**Provided information:**
.....
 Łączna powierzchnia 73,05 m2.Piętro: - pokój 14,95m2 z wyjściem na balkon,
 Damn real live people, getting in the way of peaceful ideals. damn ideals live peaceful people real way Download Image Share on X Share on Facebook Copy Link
.....
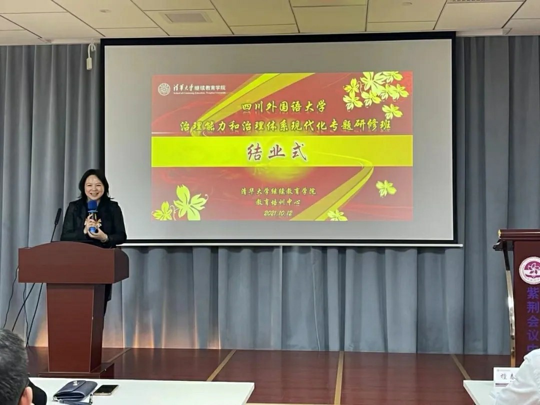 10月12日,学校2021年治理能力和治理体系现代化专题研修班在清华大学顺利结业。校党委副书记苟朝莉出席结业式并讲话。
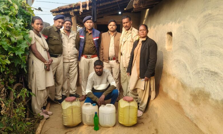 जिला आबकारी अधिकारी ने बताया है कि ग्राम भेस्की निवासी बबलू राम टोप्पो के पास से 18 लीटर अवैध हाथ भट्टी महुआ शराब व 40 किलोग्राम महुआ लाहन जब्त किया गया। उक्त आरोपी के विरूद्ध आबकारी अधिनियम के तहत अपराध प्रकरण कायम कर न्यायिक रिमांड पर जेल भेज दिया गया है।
.....
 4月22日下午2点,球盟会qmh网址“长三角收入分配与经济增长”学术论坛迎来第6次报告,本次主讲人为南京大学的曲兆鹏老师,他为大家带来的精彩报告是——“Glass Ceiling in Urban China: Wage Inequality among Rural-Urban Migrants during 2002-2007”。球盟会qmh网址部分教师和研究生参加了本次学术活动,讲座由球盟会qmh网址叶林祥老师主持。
.....
**Assignment:** The answer is the lines above from the one with "10月12日,学校2021年" to the one with "जिला आबकारी अधिकारी", set down exactly, with no pictures.

**Task answer:**
 10月12日,学校2021年治理能力和治理体系现代化专题研修班在清华大学顺利结业。校党委副书记苟朝莉出席结业式并讲话。
 जिला आबकारी अधिकारी ने बताया है कि ग्राम भेस्की निवासी बबलू राम टोप्पो के पास से 18 लीटर अवैध हाथ भट्टी महुआ शराब व 40 किलोग्राम महुआ लाहन जब्त किया गया। उक्त आरोपी के विरूद्ध आबकारी अधिनियम के तहत अपराध प्रकरण कायम कर न्यायिक रिमांड पर जेल भेज दिया गया है।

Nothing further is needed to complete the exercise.